Monday, September 28, 11 p.m. — The spathe (a frilly modified leaf) begins to pull away from the tall spadix (flower spike); Alice’s internal temperature begins to increase to help volatize the odor to attract pollinators.

PHOTO: Early morning visitors were not overly fond of the smell.

Monday – Tuesday, September 28 – 29, midnight to 10 a.m. — This is the peak of the flowering period, when the strongest odor is produced. The odor is noticeable when entering the Regenstein Center and Semitropical Greenhouse. The spathe is most open during this time (to about 75 percent). The spadix temperature is at its highest point of 95 degrees Fahrenheit internally; the female flowers are receptive to pollinating at this time.

PHOTO: The female Amorphophallus titanum flowers are ready for pollination.

Tuesday, September 29, 8:30 a.m. — Small windows are cut open at the base of the spathe to perform the “manual pollination process,” using the pollen from Spike and donated pollen from the Denver Botanic Gardens (from a titan arum named Stinky).

PHOTO: Titan arum (Amorphophallus titanum).

Tuesday, September 29, 10 a.m. to 3 p.m. — The odor begins to dissipate; it is only noticeable within 10 feet of the plant.

Tuesday, September 29, 3 to 10 p.m. — The spathe begins to close up. The temperature of the male flowers increases to 87 degrees Fahrenheit to help ripen the male flowers to produce pollen (see photo above).

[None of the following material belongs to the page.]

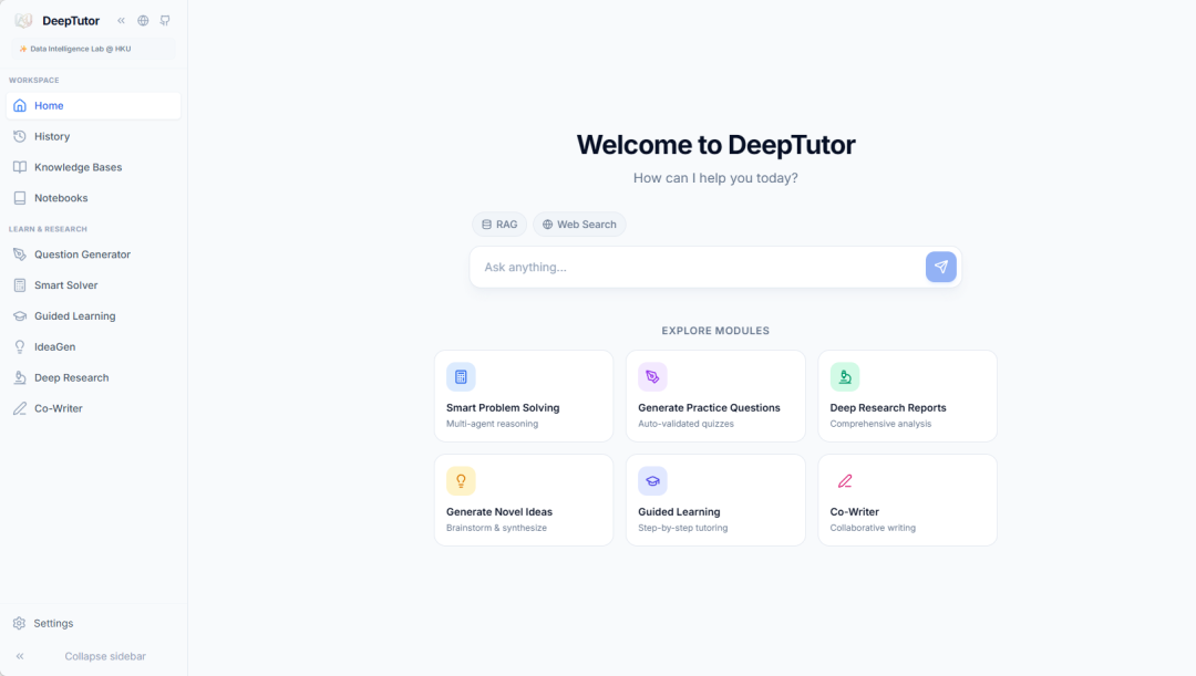 DeepTutor 是由香港大学数据智能实验室于 2026 年 3 月推出的个人学习助手,是一个全方位的 AI 驱动教学系统。该项目整合了四大核心功能模块:海量文档知识问答、交互式学习可视化、知识强化与练习题生成,以及深度研究与创意生成,为学习者提供一站式智能学习体验。

PHOTO: Long strings of pollen are collected from Alice the Amorphophallus.

Tuesday, September 29, 11 p.m. — Pollen is collected from the male flowers to save for future pollination of the other titan arums in the Chicago Botanic Garden’s collection and to be available to donate to other botanic gardens and universities, as requested.

PHOTO: By the next morning, the spathe on Alice the Amorphophallus was tightly closed.

Wednesday, September 30, 6 a.m. to noon — There is very little odor, except within 2 feet of the bloom; the spathe is about 25 percent open.

Thursday, October 1 — The spathe continues moving closer to the spadix; there is very little odor.

Friday, October 2 — The spadix begins to soften and collapse, and the spathe withers. The plant diverts energy to continue the pollination process, as well as the development of fruit and, eventually, seeds.

PHOTO: The titan arum spadix collapses after bloom.

Monday, October 5 — The spadix has collapsed and fructescence (the developing of fruit after pollination) begins.

Tuesday, October 6 —Alice moves back into the production greenhouses with the titan arum collection. Fruit will develop over the next several months.


PHOTO: Our Facebook comments were just as much fun as the greenhouse.
Visitors online enjoyed the scene as much as those here in the greenhouse.

Asked to share my most memorable moments, I answer that they naturally revolved around the kids. So many kids had come to see Alice, many awake way past their bedtimes! One special moment stands out:

A 12-year-old girl, who’d come to see Spike four or five times (plus watched live on the webcam), came up to me and said, “I just had to come to Alice too! I’m so excited! And I couldn’t wait to meet Titan Tim! Can I get my picture with you?” My heart grew ten times larger right then and there. She was practically jumping out of her shoes, even after waiting more than two hours in line. She told me she’d just ordered a voodoo lily online (it’s a close relative of Amorphophallus titanum) and said, “I can’t wait for it to bloom, to smell it!” I knew in that moment I was speaking to a potential future horticulturist or botanist.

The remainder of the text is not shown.